Adult alligators in the wild can withstand a surprising amount of abuse, from mercury contamination, to loss of a limb, to a year without food. But there are limits, as illustrated by the widely reported problems in Lake Apopka, near Orlando. In the early 1980s, the gator count there dropped from several thousand to just 400 or 500. Juveniles were particularly hard hit. The hatch rate of eggs plummeted, and the few hatchlings that emerged tended to have peculiar abnormalities, including off-kilter sex hormones. The problem persists. "We´re seeing feminized males and masculinized females," says Louis Guillette, a University of Florida reproductive biologist who, with colleague Tim Gross, has investigated the crash. "More than 80 percent of the Lake Apopka alligators we look at have these abnormalities."

The culprit is the lake´s badly polluted water, long affected by municipal sewage and agricultural chemicals--and further contaminated in 1980 by a huge pesticide spill. In controlled studies, the researchers discovered that applying the chemicals found in Lake Apopka to healthy alligator eggs from a relatively pristine lake caused the same abnormalities. In some cases, the embryos switched sexes. "Lake Apopka leads us to ask some hard questions," Guillette says. "What are we doing to the animals around us, and what are the consequences to ourselves?"

The biggest overall threat to the big reptiles, however, is habitat loss. Small wonder that they are a worrisome fact of life in Florida´s new lakefront communities that seem to sprout daily. Despite the creature´s malevolent reputation, only nine human fatalities due to alligators have been recorded in Florida over the past 30 years. Still, some 12,000 to 14,000 nuisance gators are reported to the state annually. Of these, 5,000 are captured and killed by specially licensed trappers.

"Every year, more nuisance alligators are captured than the year before," says South Florida nuisance-animal trapper Todd Hardwick, who calls his company Pesky Critters. "Human population in Florida is increasing while alligator habitat is decreasing. That means one thing: more alligators on golf courses, in swimming pools and on driveways."

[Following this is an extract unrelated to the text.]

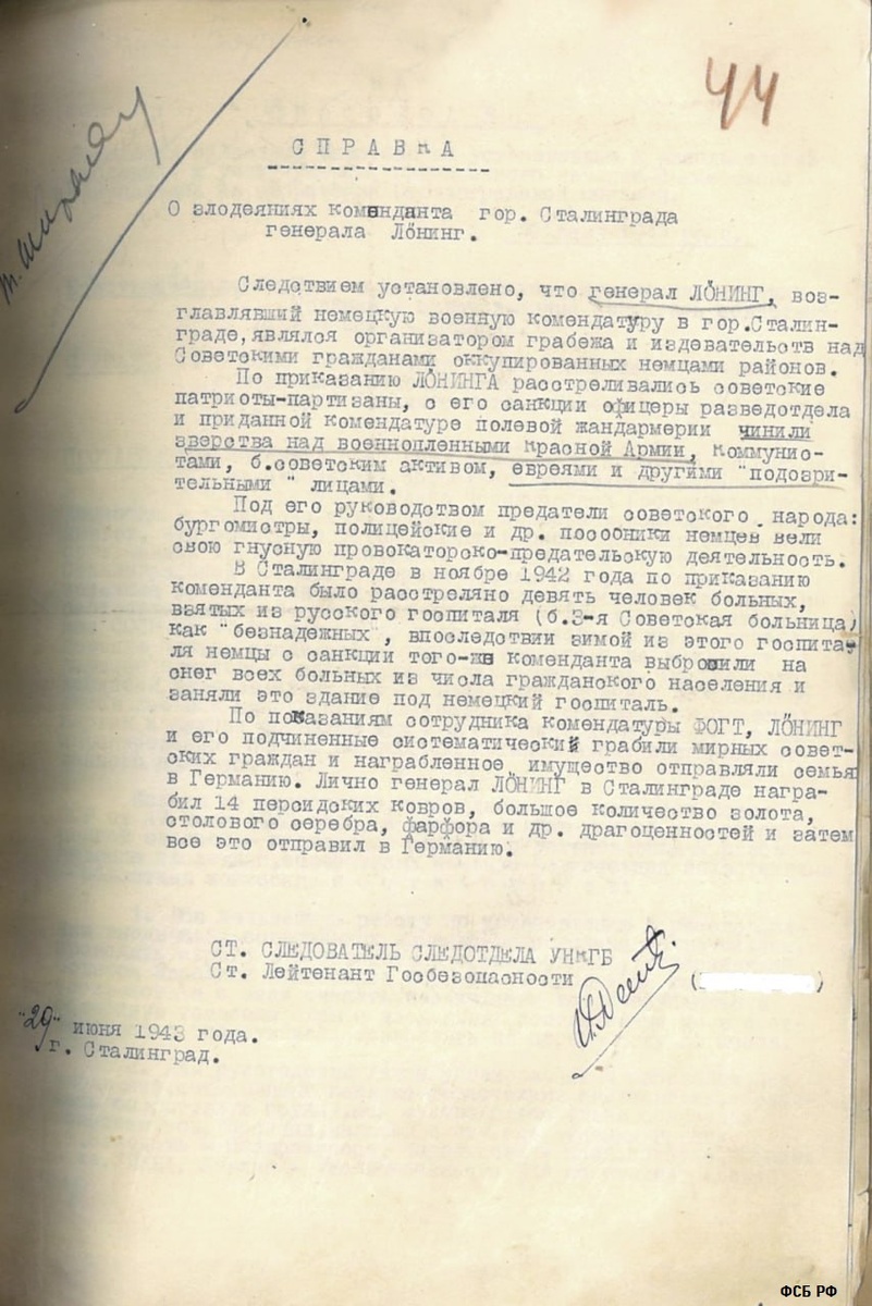 К 80-летию Сталинградской битвы ФСБ России обнародовала новые свидетельства преступлений гитлеровцев во время ВОВ. Ведомство представило ряд архивных материалов. Согласно документам, солдаты вермахта вламывались в жилища мирных людей и забирали все, что находили — даже детскую одежду. Отмечены случаи, когда при ограблении с женщин снимали платья, туфли, чулки, а детей оставляли голыми мерзнуть на улице. Представлены данные по разрушенным в массовом порядке школам, больницам, библиотекам.

Hardwick likes alligators himself. "I have to listen to people complain, ´I just bought a $300,000 house, and now an alligator has moved into the neighborhood!´ I have to explain, ´No, you moved into his neighborhood, ma´am.´" The reptiles seem happy to share the habitat with us, he finds, but most humans would prefer not to share with gators--and with animals larger than six feet, he adds, people are ill advised to try. No matter what else the future brings, Hardwick is confident of one thing: job security for the alligator trapper.

After his adventures in the Everglades, Massachusetts writer Doug Stewart reports he has new respect for alligators, airboats and black electrical tape.

NWF Priority: Restoring the Everglades 
Once a healthy, four-million-acre "river of grass," the Florida Everglades has been reduced to half of its original size by several decades of unwise water management, urban sprawl and agricultural growth. In an effort to prevent further deterioration of the area and revitalize wildlife habitat, NWF and one of its affiliates, the Florida Wildlife Federation, are directing an aggressive grass-roots campaign in support of Everglades restoration. As part of their program, the two groups are working with government agencies and citizen groups to protect the "forgotten" western Everglades from destructive projects.